In the interests of improving gender equality, the 1970s and 1980s saw the challenging of stereotyping of girls and women in children’s literature. It was thought that the perception that girls had of themselves and of the opportunities open to them was influenced by their too often seeing themselves portrayed in domestic settings and in traditionally female jobs and professions. Publishers took note and both reading scheme books and trade books began to reflect a more plural and gender equal society. Research and thinking on gender issues was preoccupied with the evidence that boys often dominated discussion in mixed classes, sometimes with the teacher’s unwitting connivance (Swann and Graddoll, 1988). Then, as the 1990s got under way, there was a change of emphasis to a concern about boys’ relative lack of success in literacy. But it was already known that, in general, girls learn to read more quickly, say they enjoy reading more, read more widely than boys and perform better on reading tests (Baxter, 2001). So why did this issue come to the fore at this time? Part of the explanation is that the SATs, to assess children’s learning from the National Curriculum and National Literacy Strategy, revealed rather starkly that boys were behind their female peers when it came to literacy, or at any rate in the kind of literacy abilities measured by summative tests. Part of this mismatch is to do with the tendency of girls to mature sooner than boys and therefore to forge ahead in their literacy development. Boys may well catch up later on. But schools were pressed to ‘raise standards’ and the publication of league tables was a further spur to pushing all the children to achieve higher grades. Gender priorities at school changed to an emphasis on how to turn boys on to literacy.
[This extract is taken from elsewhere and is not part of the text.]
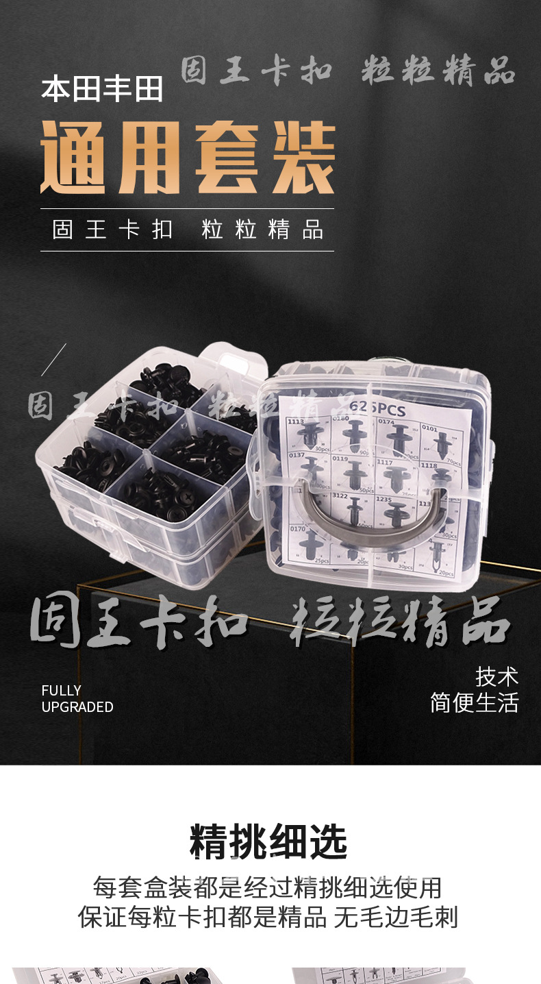 您所在的位置:全球零部件網(wǎng)>產(chǎn)品供應(yīng)> HVAC汽車>通用件與標(biāo)準(zhǔn)件>330pcs盒裝卡扣 適用于本田豐田福特汽車身保險(xiǎn)杠鉚釘卡子

Two things are worth remembering when we try our best to see that both girls and boys develop all kinds of literacy and competence in language use. First, children are individuals with their own preferences, interests and strengths. Not all boys are behind in literacy development and some girls contribute confidently in group and class discussion.
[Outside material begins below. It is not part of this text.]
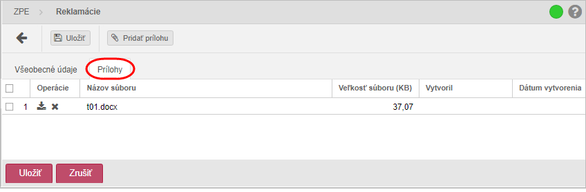 Stiahnuť súbor - stlačením ikonky sa vykoná stiahnutie súboru prílohy pripojenej k reklamácii, následne systém zobrazí štandardný systémový dialóg pre preberanie súboru špecifický podľa operačného systému a typu internetového prehliadača.

Second, a concern to help boys to improve their reading and writing competence in areas where they lag behind girls, must not make us neglect ‘the continuing needs of girls’ (Baxter, 2001, p. 3). The observations of Swann and Graddoll and others who have carried out studies on classroom interaction should still inform our practice. Elaine Millard (2001), Eve Bearne (2002) and Judith Baxter (2001) are all concerned that we should not approach gender issues in a competitive way but regard them as different aspects of ‘the same social and educational questions’. We are coming to realise that just as the principle of ‘inclusion’ requires schools to stress similarities and the ability of all pupils to participate fully within the curriculum so we must nevertheless understand the implications of the principle of ‘differentiation’ – that we need to respond to the individual differences and the differing needs of particular pupils. Very generally, girls and boys may have different needs when it comes to developing their literacy. Therefore, just as the entry on ‘Boys’ literacy’ concentrates on boys’ needs, the present entry looks particularly at what we need to bear in mind when promoting the literacy of girls.
Supporting girls’ literacy
Some girls need active encouragement to contribute confidently to discussion
Spoken and written language work together in children’s language learning; discussion, as well as contributing to learning, often precedes writing. So in the interests of developing both girls’ speaking abilities and their competence in related kinds of literacy we must make sure that silent girls are encouraged to speak out. One strategy is sometimes to have an all female group for discussion. When groups are mixed the teacher can help by appointing girls as ‘chair’ or ‘spokesperson’ to move them away from being ‘scribes’ and ‘helpers’. Girls also seem to appreciate time to prepare a contribution before the discussion group comes together. Some teachers find it helpful to ask a colleague to observe them teaching with some specific questions in mind. For example, we might ask whether the colleague thinks we have a fair way of appointing roles and responsibilities or how sensitively we select children to contribute.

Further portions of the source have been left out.